Bacaan 1         : 1 Raja-raja 19:1-8
Bacaan 2         : Efesus 4 :25-32
Bacaan 3         : Yohanes 6:41-51

Tema Liturgis : Bersekutu dalam Kristus dan Berbagi Berkat dengan Sesama
Tema Khotbah: Hidup baru (secara etis) sebagai ungkapan hidup bersekutu dalam Kristus

 

KETERANGAN BACAAN
(Tidak perlu dibaca di mimbar, cukup dibaca saat mempersiapkan khotbah)

 

1 Raja-raja 19:1-8

Nabi Elia (arti nama ‘Elia’ = ‘Yahweh -lah Allah’) menempuh perjalanan pengungsian yang panjang, selama 40 hari dan 40 malam tanpa henti. Niatnya, semula, hanyalah untuk menyelamatkan diri dari ancaman pembunuhan balas dendam ratu Izebel. Mengungsi sejauh-jauhnya dari jangkauan pengejaran pasukan yang diperintahkan oleh ratu Izebel.

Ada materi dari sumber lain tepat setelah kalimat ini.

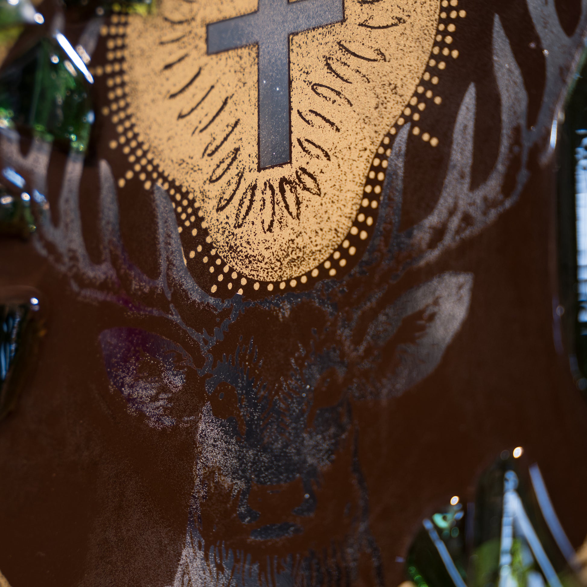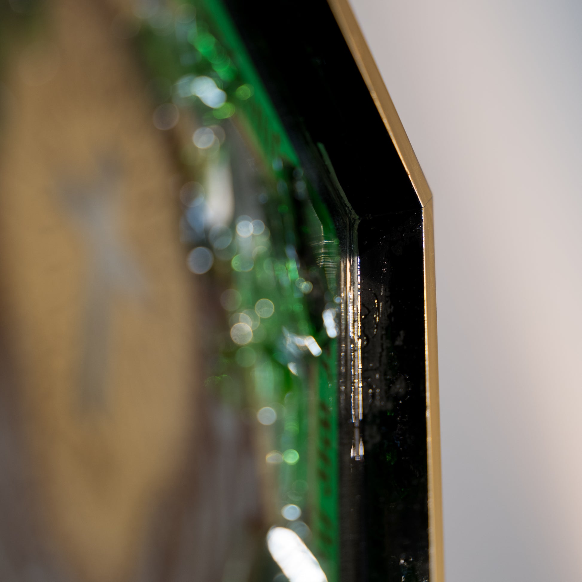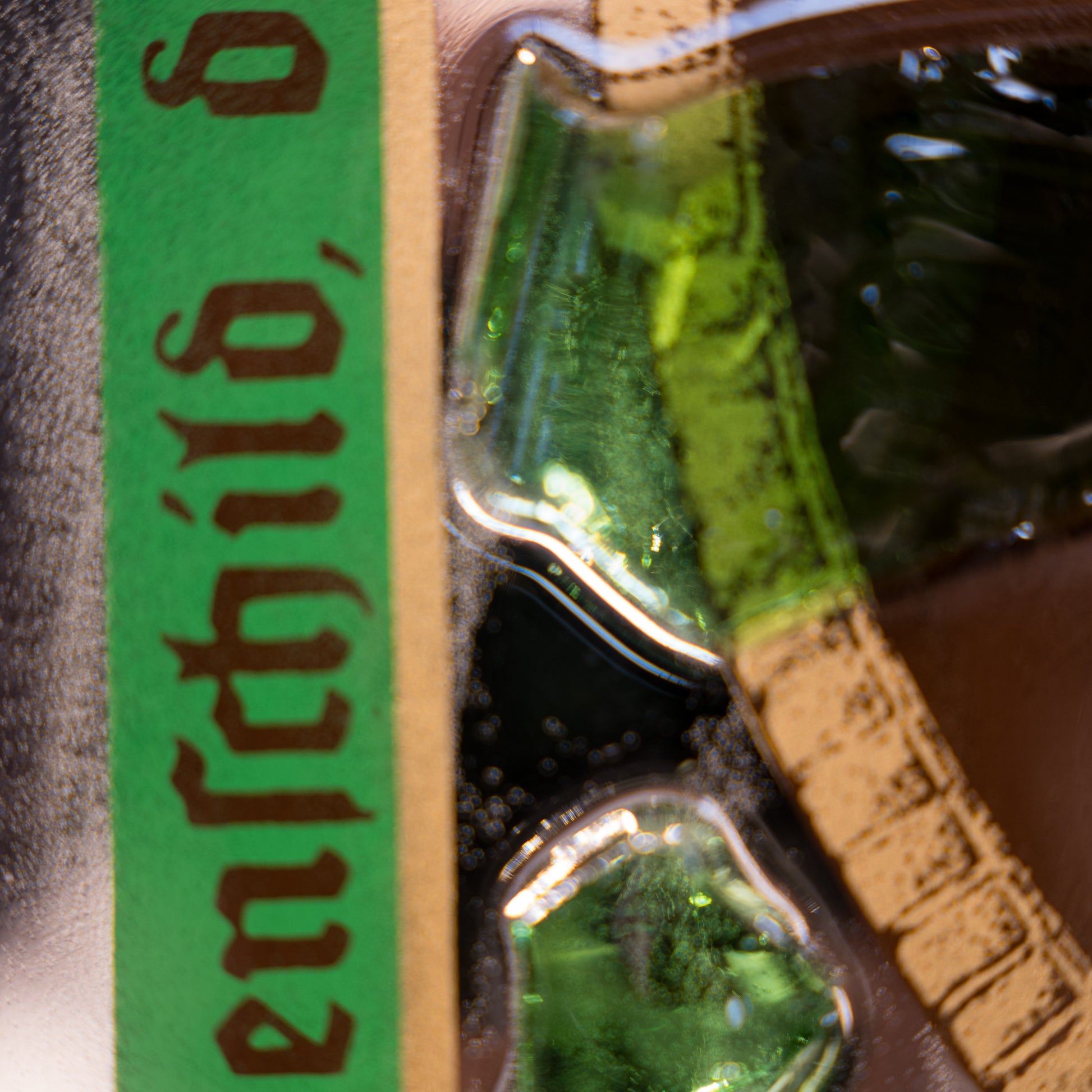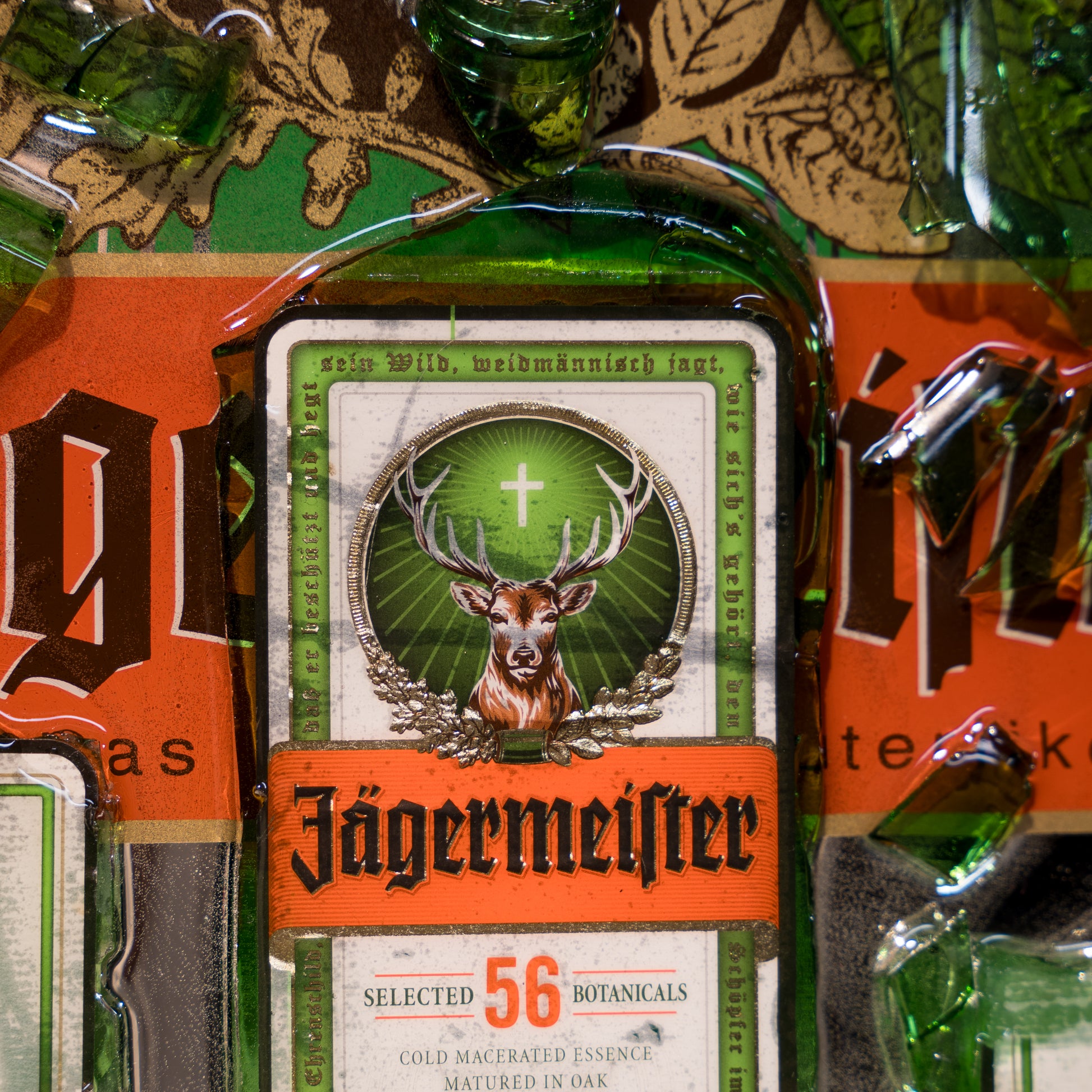 Al centro di questo straordinario quadro, troverai i frammenti autentici dell'amaro Jägermeister, selezionati per la loro profondità e complessità aromatica. La resina epossidica è stata sapientemente utilizzata per preservare e proteggere i frammenti, creando una superficie liscia e brillante che incanta lo sguardo.

Dalam ketakutannya, Elia mengungsi. Dalam ketakutannya juga Elia ‘ingin mati’ di tangan TUHAN (I Raja-raja 19:3,4).

Alih-alih diakhiri hidup Elia, TUHAN justru memberinya kekuatan baru. TUHAN menyediakan makanan dan minuman di padang gurun bagi Elia. Dengan demikian, Elia diperlengkapi dengan kekuatan baru agar cukup kuat untuk menempuh perjalanan yang lebih jauh dari rancangannya sendiri. Motivasi awal pengungsian dari bahaya telah diubah oleh TUHAN menjadi perjalanan yang lebih bermakna, yaitu perjalanan menuju ke gunung TUHAN: Gunung Horeb (I Raja-raja 19:8). Jadi, rangkaian panjang perjalanan yang ditempuh oleh Elia adalah dari gunung Karmel, tempat Elia bertempur dengan para penyembah dewa Baal (I Raja-raja 18:20-46), Elia menang; lalu, Elia turun dari gunung, menempuh perjalanan di padang gurun, menuju ke gunung berikutnya, yakni Gunung Horeb atau Gunung Sinai. Elia, dengan demikian, sedang menempuh perjalanan, dari puncak menuju puncak; Elia, karenanya, menjadi nabi yang berpengaruh, sejajar dengan Musa. Ke arah Gunung Horeb langkah Nabi Elia tertuju-terfokuskan.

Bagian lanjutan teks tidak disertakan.